[Records drawn from a dataset]

------------------------------------------------------------

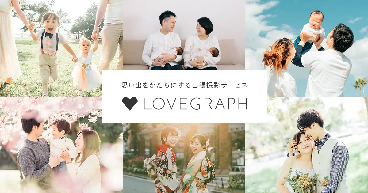 Lovegraph(ラブグラフ)( https://lovegraph.me )は、家族やカップルのおでかけに、プロのカメラマンが同行し写真撮影をする、出張撮影サービスです。撮影件数は累計180,000組に上り、お誕生日や記念日、七五三やお宮参りなど様々なシーンでご利用いただいております。
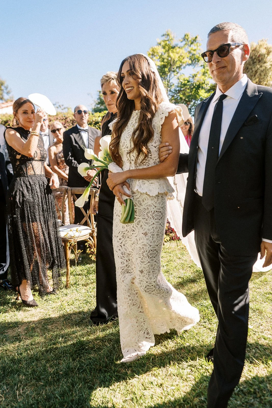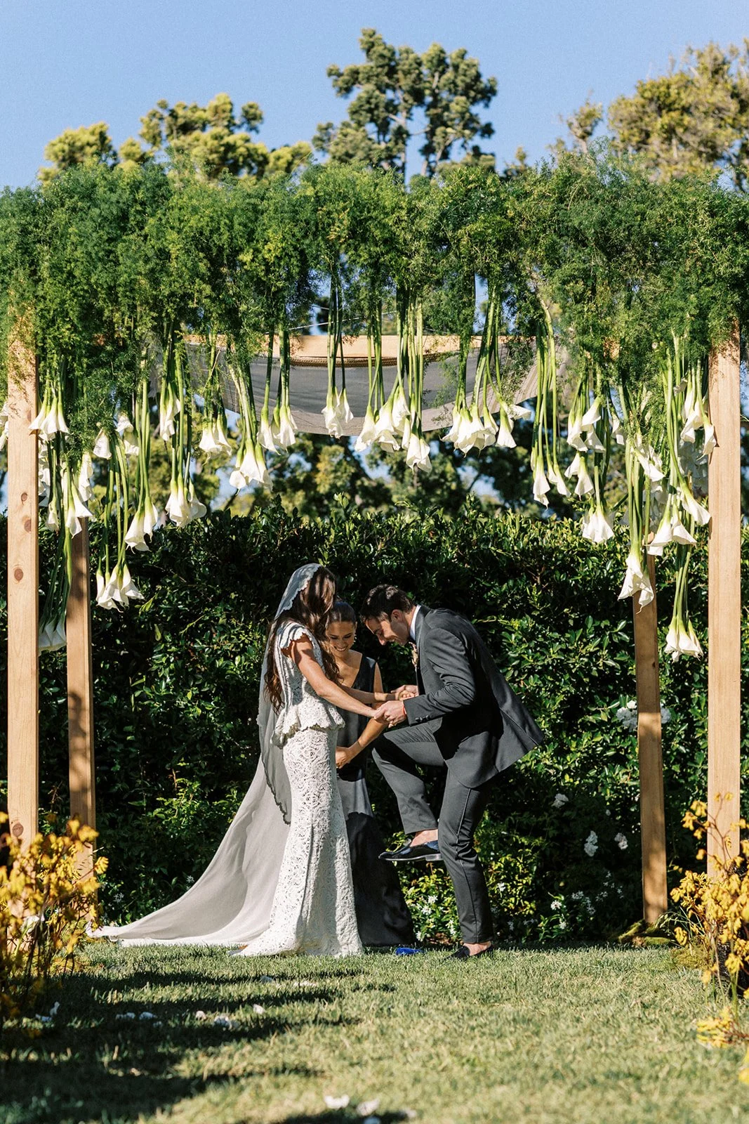 the ceremony chuppah was adorned in long calla lilies that graced the front and sides like floral curtains, with green vines draping over the top. our original plan had been to line the aisle with yellow dill to create the feeling of a whimsical but architectural meadow. after a site visit, we noticed yellow kangaroo paw all around the property and proposed a switch from dill to kangaroo paw for a more cohesive and immersive visual experience. the end result situated the chuppah install perfectly within its surroundings.
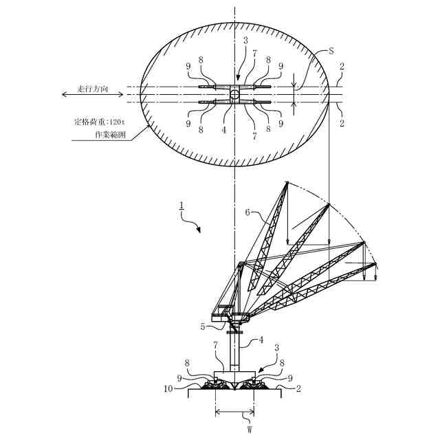 この種の軌道走行式クレーンを設置するための前提条件として、その基礎が耐え得る許容車輪圧というものが存在するが、例えば、軌道走行式クレーンの走行体の脚部が前後左右に備えられている場合、各脚部を結んだ矩形の対角方向にジブが向くように旋回し、斯かる状態で最大荷重を吊り上げながら前記ジブをある伏せ角度(最大モーメント発生状態)まで伏せた時に、前記対角方向に配置される脚部の何れかに最大車輪圧が発生することが判っており、この条件下で発生する最大車輪圧が前記基礎の許容車輪圧を超えないように配慮する必要がある。
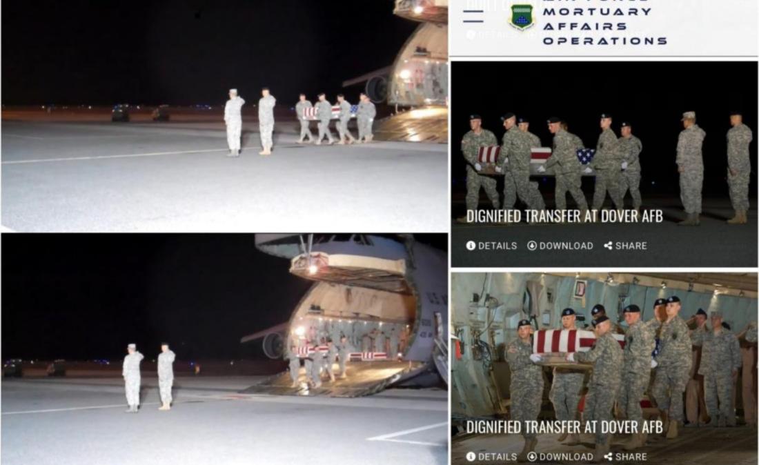 Các hình ảnh tương tự về buổi lễ tại Căn cứ Không quân Dover đã được đăng tải trên cùng trang web và ghi chú nguồn là Roland Balik thay mặt cho Không quân Mỹ.
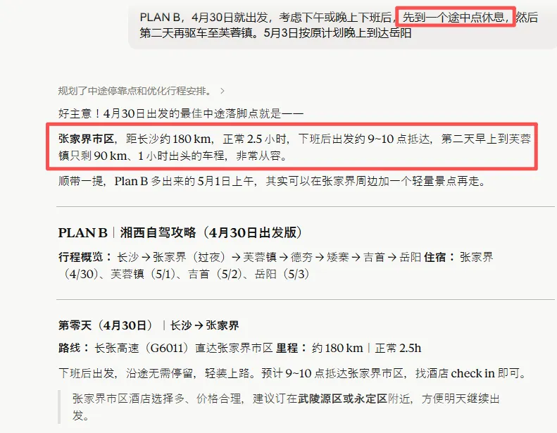 原来的计划是5月1日当天从长沙出发。我随口问了一句:「如果4月30日提前出发,在中途落脚一晚,怎么安排比较好?」

------------------------------------------------------------

## Task instructions
Print every entry verbatim and leave all pictures out.

## Solution
 Lovegraph(ラブグラフ)( https://lovegraph.me )は、家族やカップルのおでかけに、プロのカメラマンが同行し写真撮影をする、出張撮影サービスです。撮影件数は累計180,000組に上り、お誕生日や記念日、七五三やお宮参りなど様々なシーンでご利用いただいております。
 the ceremony chuppah was adorned in long calla lilies that graced the front and sides like floral curtains, with green vines draping over the top. our original plan had been to line the aisle with yellow dill to create the feeling of a whimsical but architectural meadow. after a site visit, we noticed yellow kangaroo paw all around the property and proposed a switch from dill to kangaroo paw for a more cohesive and immersive visual experience. the end result situated the chuppah install perfectly within its surroundings.
 この種の軌道走行式クレーンを設置するための前提条件として、その基礎が耐え得る許容車輪圧というものが存在するが、例えば、軌道走行式クレーンの走行体の脚部が前後左右に備えられている場合、各脚部を結んだ矩形の対角方向にジブが向くように旋回し、斯かる状態で最大荷重を吊り上げながら前記ジブをある伏せ角度(最大モーメント発生状態)まで伏せた時に、前記対角方向に配置される脚部の何れかに最大車輪圧が発生することが判っており、この条件下で発生する最大車輪圧が前記基礎の許容車輪圧を超えないように配慮する必要がある。
 Các hình ảnh tương tự về buổi lễ tại Căn cứ Không quân Dover đã được đăng tải trên cùng trang web và ghi chú nguồn là Roland Balik thay mặt cho Không quân Mỹ.
 原来的计划是5月1日当天从长沙出发。我随口问了一句:「如果4月30日提前出发,在中途落脚一晚,怎么安排比较好?」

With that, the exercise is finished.